1. How to Hunt Pheasants in Grass Fields
Want to see your tax dollars at work? Step into a Midwestern CRP field and watch ringnecks boil out of the long grass. Since the early 1990s, the big, set-aside fields created by the Department of Agriculture’s Conservation Reserve Program have boosted pheasant populations to good-old-days numbers in some places.
Pheasants roost in thick, grassy cover and travel between CRP fields and food. The prime times to catch them in this places are first thing in the morning before they leave the roost, and again late in the afternoon as they come back to bed. If shooting hours in your area begin half an hour before sunrise, get into the fields at first light before the birds fly out. My state doesn’t allow hunting until 8 a.m., so I’ve had my most memorable CRP hunts during the last hour of the day, as pheasants came piling back into the roost. Although early and late are the best times, you’ll find some holdouts in the grass throughout the day. Most often they’ll be along the edges, within 100 yards or so of the fence, especially where the field borders food such as corn or milo.
If you hunt with a group, spread out in a line with hunters 10 yards apart and make orderly passes back and forth until you’ve walked the whole field. Work its outside edges first, imagining at all times that you’re herding pheasants ahead of you, because you are. Be sure to push all the way into the corner, then stand there for a minute or two. Often, pheasants you’ve pushed right to the field edge will sit for quite a while before they lose their nerve and flush.
When you’re alone or with one or two partners, forget about walking an orderly route. Start at the downwind end, turn the dog loose, and follow his nose.
2. How to Hunt Pheasants in Cropfields
Years ago, standing corn was the traditional pheasant cover. Now, bigger and more efficient combines cut many fields to stubble long before opening day. If, however, there is any left in the area, that’s where the birds will be.
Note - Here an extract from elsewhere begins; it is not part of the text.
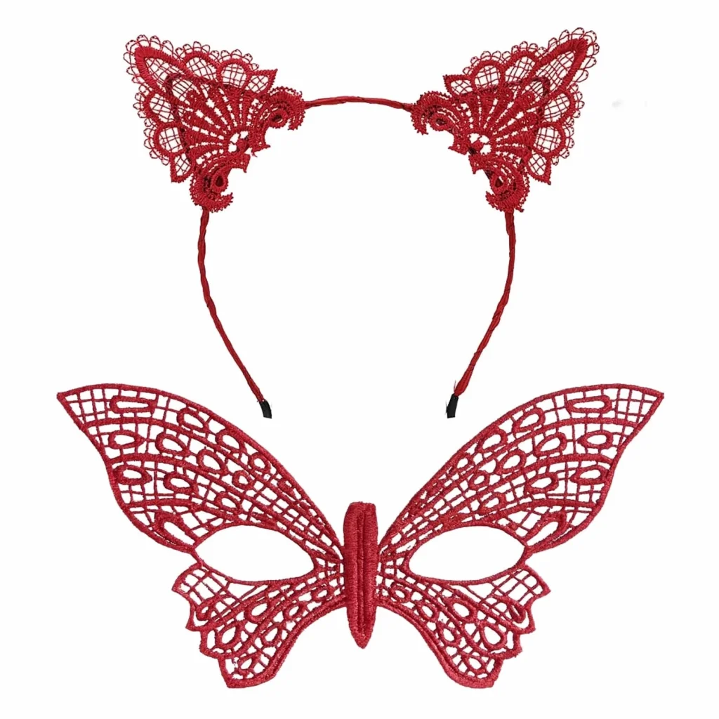 Gösterişli Kırmızı Dantel Maske Ve Taç Seti 7 No – Masquerade Ve Davetler İçin

Hunting in standing corn, you’ll enter a forest of stalks well over your head, with bare ground underfoot that offers pheasants nowhere to hide but lane after lane of hard-packed earth to run on. Such a situation calls for the classic Midwestern hammer-and-anvil drive. Standers slip quietly into position to wait at one end of the field, where their presence prevents the birds from running onto the next. The walkers and dogs begin at the other end. Moving through the rows, you’ll spot the dark shapes of pheasants scooting down the open lanes, looking (to me at least) like cats. As a walker, you can only shoot at the ones that flush to the sides or behind you, lest you spatter the standers with shot. The best you can do is listen for chaos to erupt as the birds pour out over the blockers. Even when a drive doesn’t work and pheasants sneak out to the sides, you’ve chased them out of the corn and into cover you can hunt more effectively.
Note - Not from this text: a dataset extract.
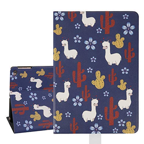 Cute iPad Air Case, Cactus Llama Design iPad 9.7 Case, Cute Folio Stand Case for iPad Air 2 & Auto Sleep/Wake Function, Protective Smart Case Cover for iPad 6th/5th Gen 2018 2017

3. How to Hunt Pheasants in Linear Cover (Fencelines, Ditches, Shelterbelts, Creeks)
By the time hunting season begins, some harvested cropfields have been disked or plowed to black dirt and completely lack pheasant-holding stubble. In this case, birds lurk along the edges, in the boundary lines formed by fencerows and ditches, and in the wider bands of straight-line cover formed by shelterbelts and buffer strips.
If you are dogless, fencelines and ditches are the place to hunt. The cover is two–dimensional; birds can’t get around you. Their choices are to hunker down and hide, run ahead, or flush. Walk slowly, stopping frequently to unnerve sitting birds, and post blockers at the ends of ditches and creeks.
Shelterbelts, those long bands of trees and shrubs bordering fields to block wind and snow, attract pheasants in harsh weather the way cedar swamps draw deer. Up to 10 rows wide, shelterbelts, like standing corn, require a drive.
4. How to Hunt Pheasants in Marshes
Ringnecks use marshes as escape cover throughout the season, and they crowd into the stands of thick, insulating cattails when heavy snow flattens the grasses in surrounding fields. It pains me, as a setter and shorthair kind of guy, to admit that a close-working flushing dog makes more sense than a pointer in the heavy cover of a reed-choked bog. There’s nothing subtle or tactically refined about hunting marshes, either: You pull one foot out of the mud and put it in front of the other, over and over. With each step, tell yourself you’re that much closer to the bird whose jarring, thrilling flush brought you to pheasant country in the first place.